Arthur Bowie Chrisman Explained

Arthur Bowie Chrisman
Birth Date:16 July 1889
Occupation:Writer (novelist)
Period:20th century
Genre:Juvenile fiction

Arthur Bowie Chrisman (July 16, 1889 – February 14, 1953) was an American author. He was born in Clarke County, Virginia. Chrisman was educated in a one-room school and attended Virginia Polytechnic Institute from 1906 to 1908 but left at the end of his sophomore year.
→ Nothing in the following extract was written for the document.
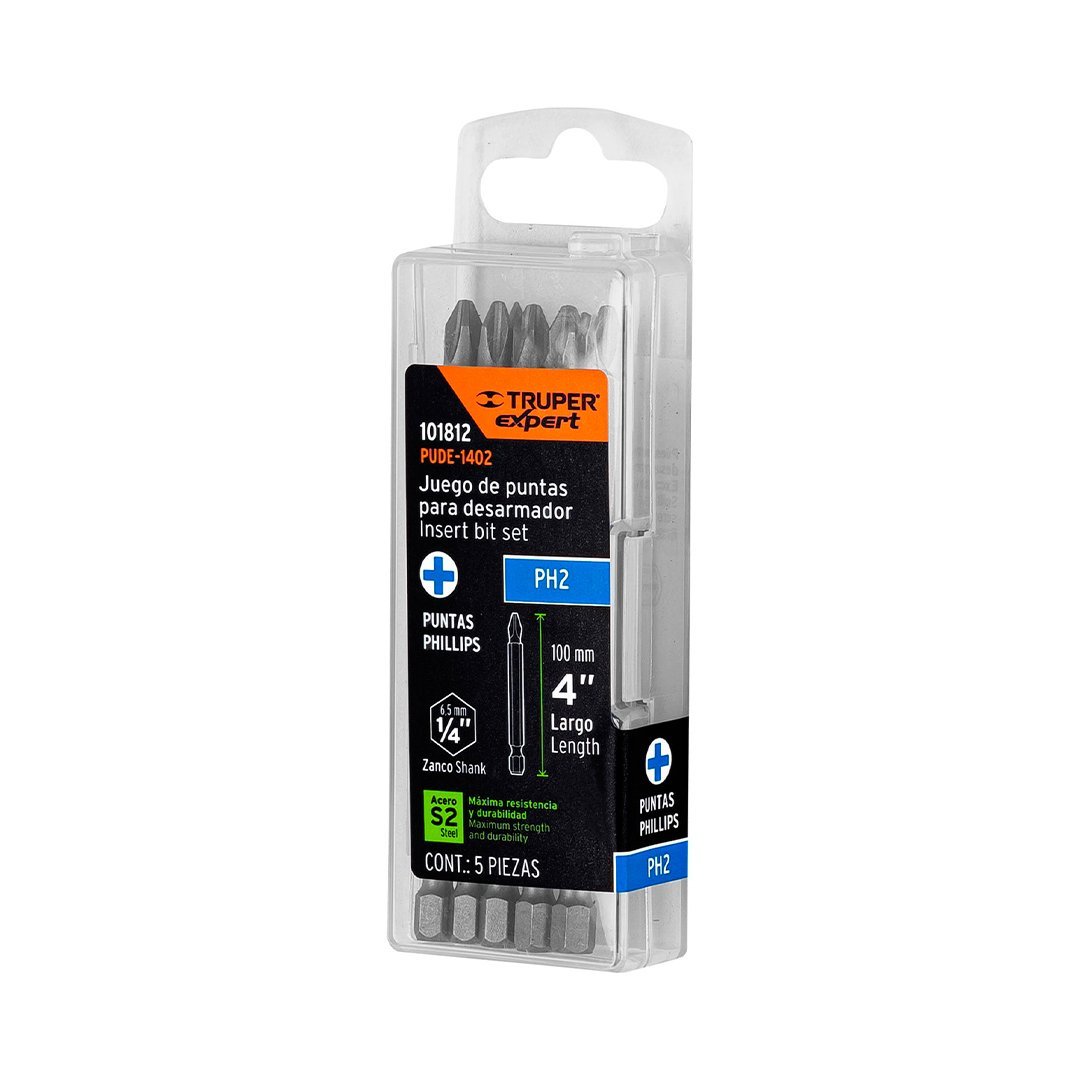 Estuche con 5 puntas de cruz PH2 largo 4" TRUPER cantidad

His collection of sixteen short stories, Shen of the Sea: A Book for Children (1925), received the Newbery Medal in 1926. Chrisman's other works included The Wind That Wouldn't Blow: Stories of the Merry Middle Kingdom for Children, and Myself (1927), Clarke County, 1836 - 1936 (1936), and Treasures Long Hidden: Old Tales and New Tales of the East (1941).
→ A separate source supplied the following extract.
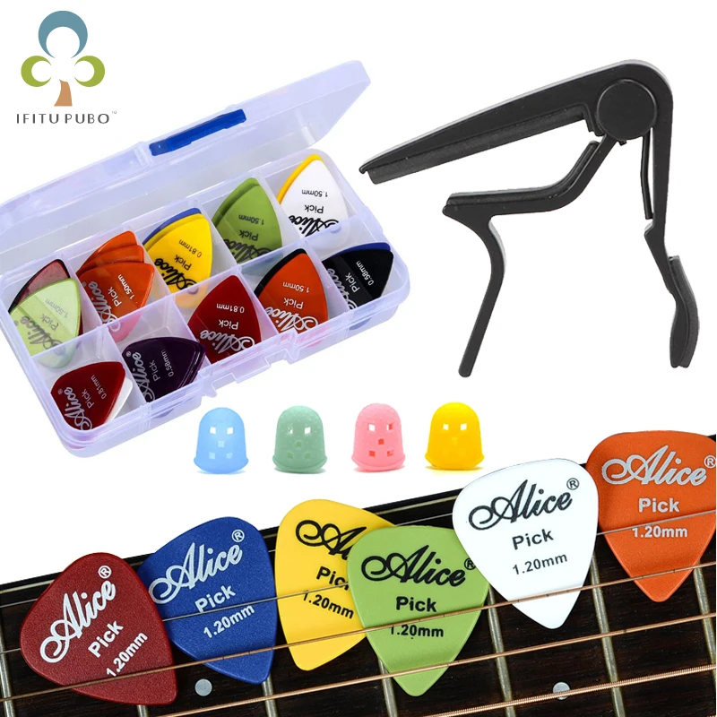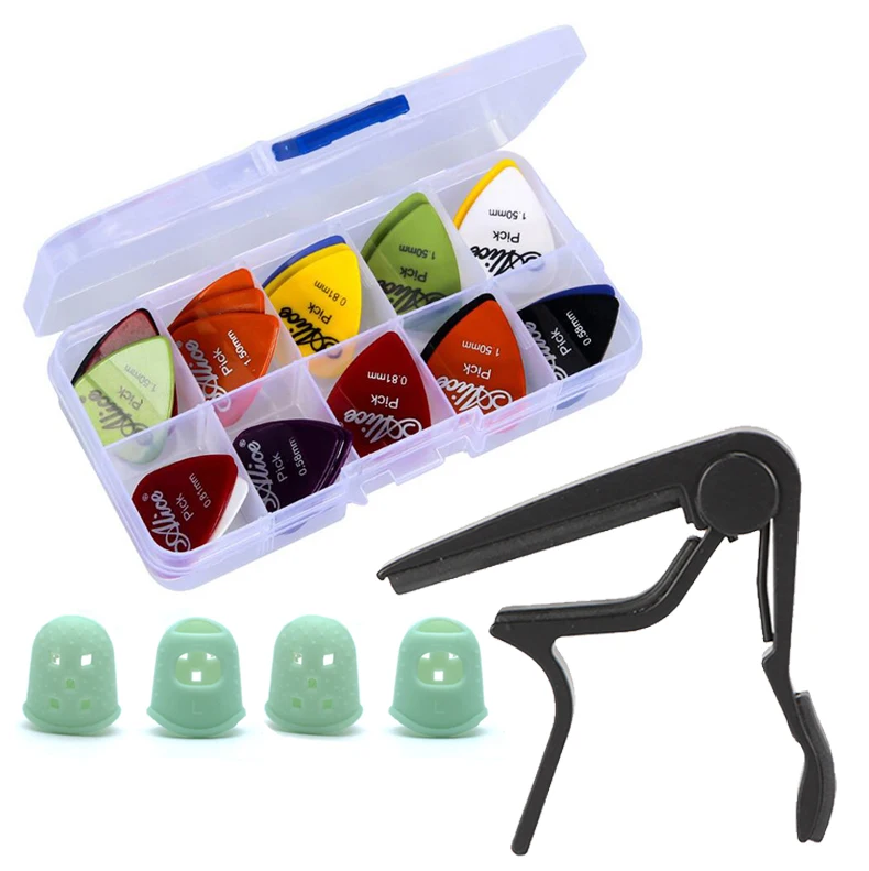 Инструмент для настройки гитары Комплект 24 шт. медиаторы с коробка + 1 гитарный капо + 4 пальца протектор гитары Запчасти Аксессуары для гитары Комплект GYH

Chrisman suffered from respiratory problems and moved to Arkansas in about 1943. In his later years he became reclusive and seldom left his one-room cabin in Shirley, Arkansas. Two local men discovered his body on February 21, 1953, after Chrisman missed one of his regular grocery-buying trips into Clinton. The Van Buren County coroner estimated that he had been dead for about a week.